Listed entries:
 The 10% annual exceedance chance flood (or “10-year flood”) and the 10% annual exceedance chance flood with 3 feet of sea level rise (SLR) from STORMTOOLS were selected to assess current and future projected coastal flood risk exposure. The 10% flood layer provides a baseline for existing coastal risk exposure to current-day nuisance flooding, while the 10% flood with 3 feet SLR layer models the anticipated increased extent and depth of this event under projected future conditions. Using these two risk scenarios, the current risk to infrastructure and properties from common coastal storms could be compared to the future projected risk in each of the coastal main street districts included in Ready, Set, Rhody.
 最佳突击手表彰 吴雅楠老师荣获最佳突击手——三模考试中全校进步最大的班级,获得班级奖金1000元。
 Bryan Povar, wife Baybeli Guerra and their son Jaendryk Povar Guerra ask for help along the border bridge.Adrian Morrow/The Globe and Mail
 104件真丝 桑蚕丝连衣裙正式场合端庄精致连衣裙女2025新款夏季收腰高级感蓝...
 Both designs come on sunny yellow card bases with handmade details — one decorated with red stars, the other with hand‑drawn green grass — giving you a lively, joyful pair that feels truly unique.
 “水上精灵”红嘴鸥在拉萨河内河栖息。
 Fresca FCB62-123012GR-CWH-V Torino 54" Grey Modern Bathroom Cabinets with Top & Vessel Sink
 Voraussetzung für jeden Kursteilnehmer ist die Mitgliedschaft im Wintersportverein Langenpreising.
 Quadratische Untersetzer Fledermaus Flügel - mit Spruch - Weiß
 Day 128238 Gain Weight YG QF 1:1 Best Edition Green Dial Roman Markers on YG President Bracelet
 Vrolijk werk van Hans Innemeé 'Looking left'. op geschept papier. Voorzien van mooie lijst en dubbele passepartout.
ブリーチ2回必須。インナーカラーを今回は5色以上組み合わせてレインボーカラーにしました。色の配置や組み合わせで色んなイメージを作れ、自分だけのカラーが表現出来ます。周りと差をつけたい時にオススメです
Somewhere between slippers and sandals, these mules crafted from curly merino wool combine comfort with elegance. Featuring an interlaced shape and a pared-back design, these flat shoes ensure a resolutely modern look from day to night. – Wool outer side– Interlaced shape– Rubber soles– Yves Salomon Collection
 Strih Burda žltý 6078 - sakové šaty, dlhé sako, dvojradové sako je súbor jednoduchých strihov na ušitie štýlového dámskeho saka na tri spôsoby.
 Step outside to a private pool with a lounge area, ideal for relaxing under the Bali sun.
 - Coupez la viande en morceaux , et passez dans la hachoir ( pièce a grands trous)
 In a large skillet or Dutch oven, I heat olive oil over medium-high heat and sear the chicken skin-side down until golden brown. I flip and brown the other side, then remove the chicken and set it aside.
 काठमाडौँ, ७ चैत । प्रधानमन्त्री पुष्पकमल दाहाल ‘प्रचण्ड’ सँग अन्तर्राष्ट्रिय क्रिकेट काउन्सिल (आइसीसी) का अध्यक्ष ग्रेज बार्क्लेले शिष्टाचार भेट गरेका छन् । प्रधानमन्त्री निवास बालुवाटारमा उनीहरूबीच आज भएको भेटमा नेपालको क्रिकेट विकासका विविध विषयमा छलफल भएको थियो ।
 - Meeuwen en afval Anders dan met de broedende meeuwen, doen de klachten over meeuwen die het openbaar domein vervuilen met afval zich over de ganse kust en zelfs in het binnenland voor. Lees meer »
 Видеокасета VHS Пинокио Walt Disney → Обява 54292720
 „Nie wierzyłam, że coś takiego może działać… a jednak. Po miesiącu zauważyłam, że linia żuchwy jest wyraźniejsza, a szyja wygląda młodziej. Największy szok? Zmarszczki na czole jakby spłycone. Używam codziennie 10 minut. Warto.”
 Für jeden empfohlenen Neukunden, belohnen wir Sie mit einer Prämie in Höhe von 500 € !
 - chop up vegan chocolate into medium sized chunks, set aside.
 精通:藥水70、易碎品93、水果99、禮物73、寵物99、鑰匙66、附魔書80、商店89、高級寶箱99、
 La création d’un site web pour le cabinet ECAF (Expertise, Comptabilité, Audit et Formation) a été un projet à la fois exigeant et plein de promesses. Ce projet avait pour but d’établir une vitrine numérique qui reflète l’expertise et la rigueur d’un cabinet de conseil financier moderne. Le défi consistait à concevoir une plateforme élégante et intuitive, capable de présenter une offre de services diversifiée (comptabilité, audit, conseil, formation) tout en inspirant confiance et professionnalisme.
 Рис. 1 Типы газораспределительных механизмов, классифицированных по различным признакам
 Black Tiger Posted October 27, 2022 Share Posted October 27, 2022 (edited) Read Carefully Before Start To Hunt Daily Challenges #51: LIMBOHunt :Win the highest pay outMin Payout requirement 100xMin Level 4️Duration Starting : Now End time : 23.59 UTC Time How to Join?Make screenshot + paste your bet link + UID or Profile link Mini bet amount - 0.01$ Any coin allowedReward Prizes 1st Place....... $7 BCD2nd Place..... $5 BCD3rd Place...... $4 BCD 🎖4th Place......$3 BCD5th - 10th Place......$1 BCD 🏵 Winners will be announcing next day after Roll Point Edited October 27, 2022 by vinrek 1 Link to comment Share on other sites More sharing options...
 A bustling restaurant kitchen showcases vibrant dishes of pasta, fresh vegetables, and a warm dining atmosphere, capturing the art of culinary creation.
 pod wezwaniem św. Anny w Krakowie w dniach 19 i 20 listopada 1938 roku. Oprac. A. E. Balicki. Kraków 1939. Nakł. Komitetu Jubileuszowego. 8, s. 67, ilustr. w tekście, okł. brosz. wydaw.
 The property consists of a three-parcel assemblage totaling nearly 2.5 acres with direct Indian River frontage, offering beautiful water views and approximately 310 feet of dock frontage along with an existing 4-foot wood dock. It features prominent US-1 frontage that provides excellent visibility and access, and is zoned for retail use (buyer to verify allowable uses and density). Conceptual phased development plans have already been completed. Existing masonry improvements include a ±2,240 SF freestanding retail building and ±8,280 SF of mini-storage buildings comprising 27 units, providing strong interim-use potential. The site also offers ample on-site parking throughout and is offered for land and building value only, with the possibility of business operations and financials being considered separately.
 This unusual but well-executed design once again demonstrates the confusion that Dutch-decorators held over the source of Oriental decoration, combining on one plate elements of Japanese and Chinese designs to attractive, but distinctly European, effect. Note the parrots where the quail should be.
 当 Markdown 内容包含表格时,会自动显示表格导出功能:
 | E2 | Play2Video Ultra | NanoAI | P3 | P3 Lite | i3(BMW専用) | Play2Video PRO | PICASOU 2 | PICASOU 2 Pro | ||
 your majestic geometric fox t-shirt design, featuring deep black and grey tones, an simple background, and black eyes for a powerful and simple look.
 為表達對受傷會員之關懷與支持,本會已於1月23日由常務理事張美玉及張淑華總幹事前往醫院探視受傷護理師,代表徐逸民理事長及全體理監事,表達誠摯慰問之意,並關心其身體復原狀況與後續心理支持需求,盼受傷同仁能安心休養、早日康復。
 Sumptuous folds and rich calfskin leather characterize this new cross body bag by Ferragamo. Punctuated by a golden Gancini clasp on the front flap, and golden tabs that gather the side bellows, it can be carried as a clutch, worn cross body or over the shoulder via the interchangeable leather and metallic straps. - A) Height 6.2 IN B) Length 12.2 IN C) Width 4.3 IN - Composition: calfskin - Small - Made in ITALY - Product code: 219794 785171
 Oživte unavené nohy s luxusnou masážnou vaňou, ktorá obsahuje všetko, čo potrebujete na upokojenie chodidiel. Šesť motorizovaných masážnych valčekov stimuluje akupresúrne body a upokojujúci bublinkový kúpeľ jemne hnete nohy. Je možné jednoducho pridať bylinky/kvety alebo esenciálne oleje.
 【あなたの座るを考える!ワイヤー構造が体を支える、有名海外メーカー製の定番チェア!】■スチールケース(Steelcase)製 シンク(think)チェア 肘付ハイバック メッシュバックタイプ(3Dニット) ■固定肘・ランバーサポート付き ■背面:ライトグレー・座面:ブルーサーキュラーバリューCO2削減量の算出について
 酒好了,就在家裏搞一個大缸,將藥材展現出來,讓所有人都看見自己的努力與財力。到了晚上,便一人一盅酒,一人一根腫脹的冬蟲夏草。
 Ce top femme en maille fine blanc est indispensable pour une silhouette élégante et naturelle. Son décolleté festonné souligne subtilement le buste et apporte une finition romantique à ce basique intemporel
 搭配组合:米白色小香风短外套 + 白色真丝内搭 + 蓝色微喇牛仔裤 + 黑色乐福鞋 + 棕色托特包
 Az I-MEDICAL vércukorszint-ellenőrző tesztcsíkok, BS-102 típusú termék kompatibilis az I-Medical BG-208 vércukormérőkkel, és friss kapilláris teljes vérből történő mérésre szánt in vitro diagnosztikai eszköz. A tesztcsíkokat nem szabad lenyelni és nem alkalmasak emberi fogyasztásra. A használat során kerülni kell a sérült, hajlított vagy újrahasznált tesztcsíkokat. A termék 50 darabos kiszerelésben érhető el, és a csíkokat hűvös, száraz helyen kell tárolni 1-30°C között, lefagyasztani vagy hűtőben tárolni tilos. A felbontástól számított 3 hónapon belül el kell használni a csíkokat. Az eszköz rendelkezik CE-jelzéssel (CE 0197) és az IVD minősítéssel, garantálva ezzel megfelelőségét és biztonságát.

Problem:
From the material above, please return each line containing "jeden".

Task response:
 Voraussetzung für jeden Kursteilnehmer ist die Mitgliedschaft im Wintersportverein Langenpreising.
 Für jeden empfohlenen Neukunden, belohnen wir Sie mit einer Prämie in Höhe von 500 € !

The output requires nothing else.